Lessons Learned in Industrial Scientific Pursuits

Date: 

Monday, October 14, 2019 - 3:30pm to 4:30pm

Location: 

ESB 1001

Speaker: 

Stephen Minne

In broad segments of the bio-pharmaceutical and medical device markets, the industry leaders are transitioning their technology development strategy from internal innovation to third party acquisition. At the same time the R&D budgets in these organizations continue to grow. The net result is most internal developments are being directed to incremental projects even though these organizations have the unique prerequisites (funding, problem statements, domain expertise, etc.) to conduct transformative research. The widespread adoption of this R&D strategy has broken the connection between the most scientifically intractable industrial problems, and the technical teams who are closest to these difficulties. At the same time academic funding has aggressively taken on grand challenges, and focused on translational research, but the nature of this focus can create inefficiency in identifying critical scientific problems outside the specific funding focus. In this talk I will review my journey in & out of academics and industry in an attempt to motivate an approach for identifying new high impact scientific problems. As examples, I will discuss the research and development I led as part of the maturation of the atomic force microscope, and how fundamental advances were applied to obtain high spatial resolution (sub-nanometer), high force sensitivity (<pN), and high-speed all in a well-controlled in-vitro environment. Using these lessons, I will attempt to frame other high impact bio pharmaceutical and neurosurgical microscopy needs, which would be best addressed in close collaboration between academics and industry.

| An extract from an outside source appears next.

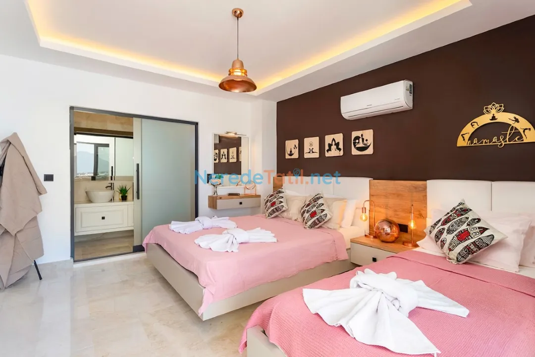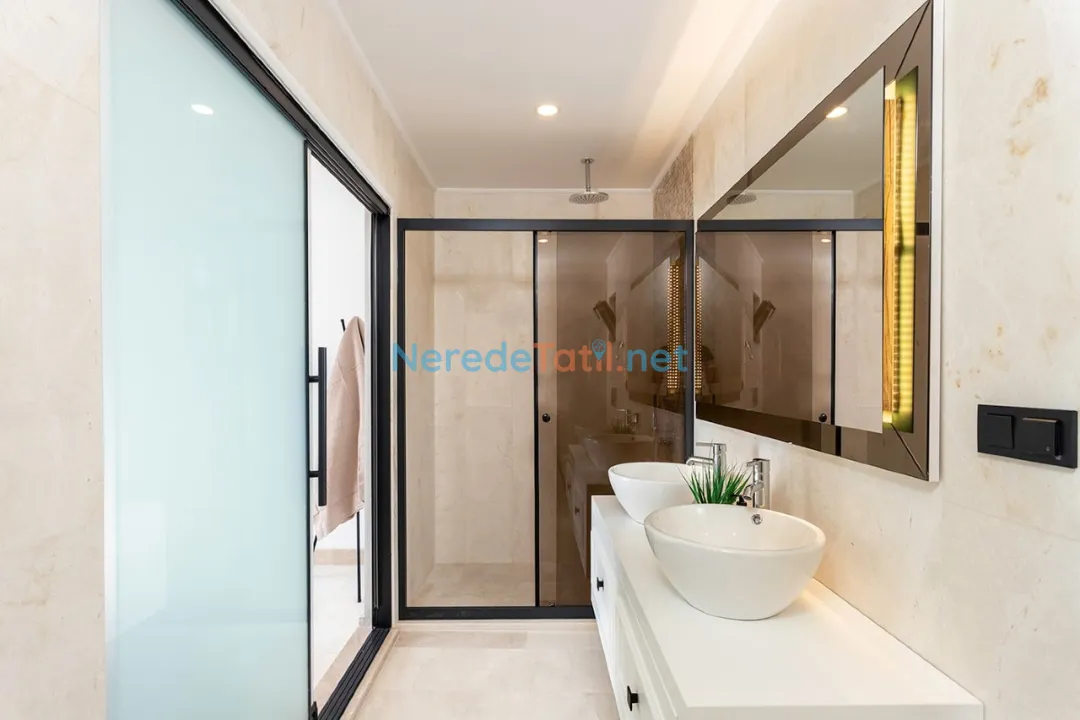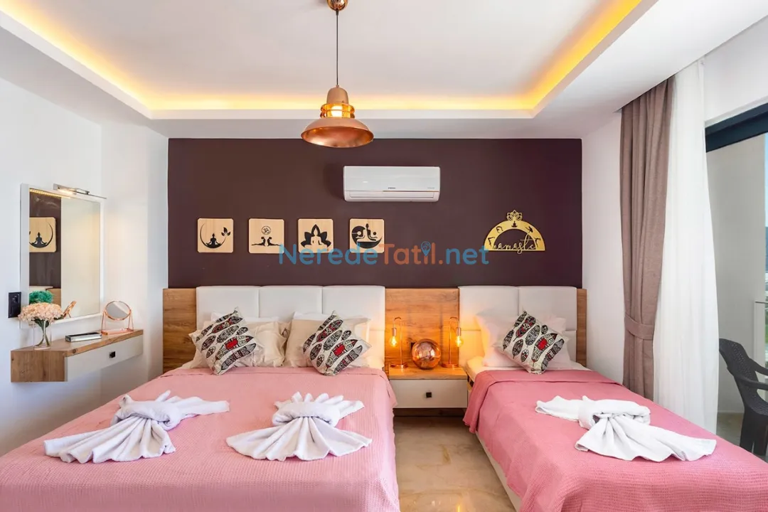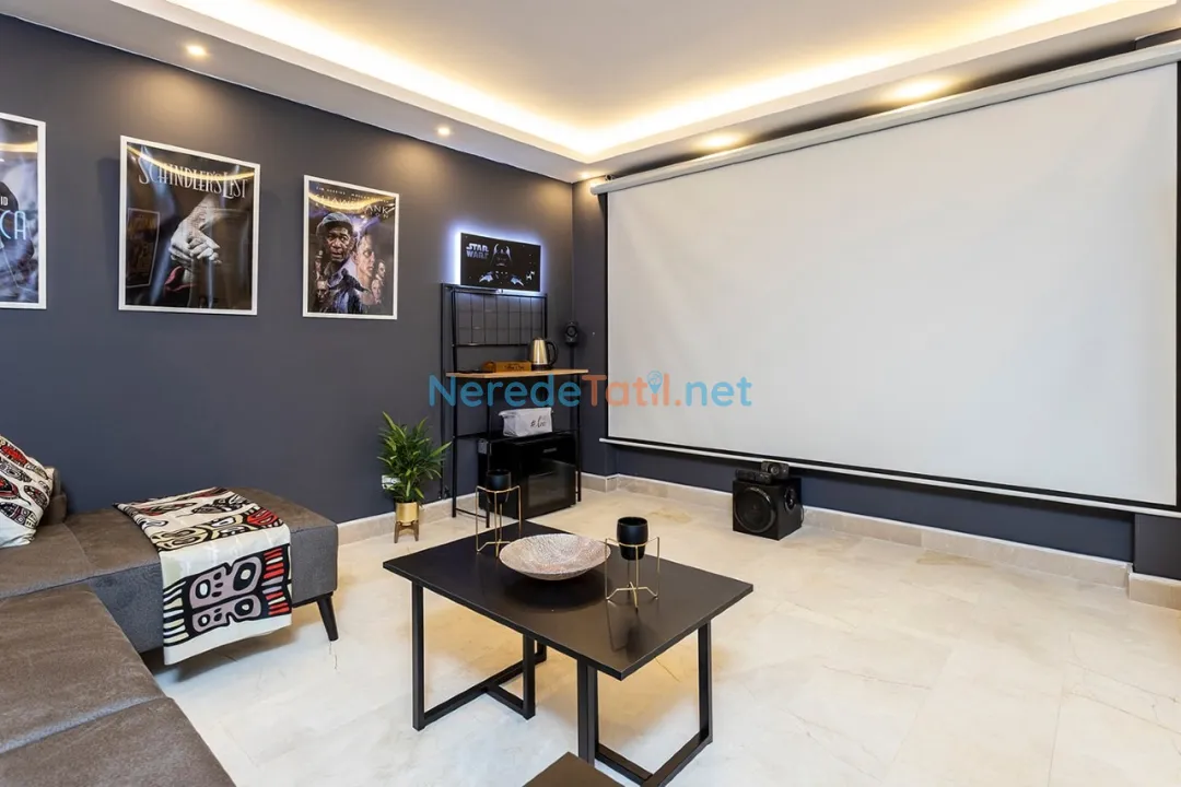 Villanın iç mekanında bulunan jakuzi, stresi geride bırakıp tatilin tadını çıkarmanız için harika bir fırsat sunar. Ayrıca, eğlenceli vakit geçirebilmeniz için masa tenisi oyunu ve bir sinema salonu bulunmaktadır. Villanın kapsamlı iç donanımı arasında saç kurutma makinesi ve ütü gibi günlük kullanım ihtiyaçlarınızı karşılayacak detaylar da eksik edilmemiştir.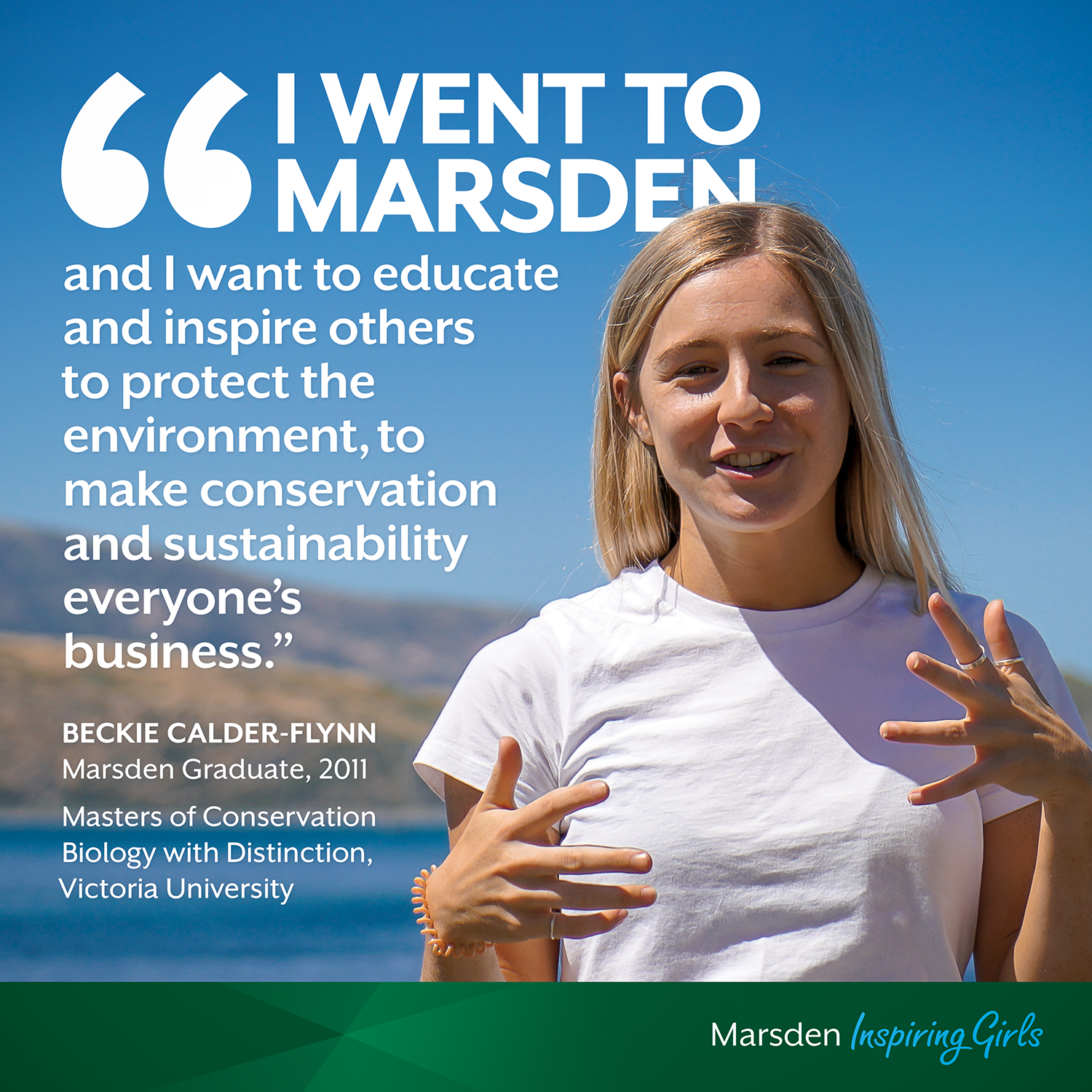 Beckie graduated from Marsden in 2011 and was Head of Upper School in her senior year. She loves biology and credits her early interest to "the amazing Mrs Gunn for putting so much passion, enthusiasm, and baby animal pictures into her classes." She gained a Bachelors of Science from Auckland University then left New Zealand to travel to Africa and complete a life-long dream of working with wildlife rehabilitation and conservation organisations. From hand-rearing baby monkeys to hunting poachers, tracking hyenas to giving lions health checks, Beckie attributes her time in Africa for "changing her life and outlook on the world."

Stephen C. Minne, under the Leland T. Edwards fellowship, received a Ph.D. from Stanford University in 1996; his thesis was on increasing the throughput of the atomic force microscope (AFM). After graduating, Dr. Minne remained at Stanford University as a Consulting Professor. In 1998 he founded NanoDevices Inc. and served as President until it was sold to Veeco Instruments (NASDAQ: VECO) in 2003. NanoDevices developed and innovated technology for the AFM. Following the acquisition, Dr. Minne became General Manager of the newly formed division – Veeco Probes. Also in 2003, Dr. Minne co-founded FirstNano Inc., a company dedicated to producing turnkey solutions for nanotube and nanowire research.  In 2005, FirstNano was sold to CVD Corporation (AMEX: CVV). In 2010 Bruker acquired Veeco, and at Bruker, Dr. Minne served in a number of technical roles, and ultimately as the Vice President and General Manager of the AFM and Fluorescence Microscopy business units. He then became the Chief Technology Officer for Wyatt Technology, manufacturer of scientific instrumentation for bio-pharmaceutical development. He is currently the Vice President of Engineering and Innovation for True Digital Surgery, an innovator in digital neruo-surgical microscopy. He holds over 40 publications and 30 patents in the field of Nano/Bio Technology.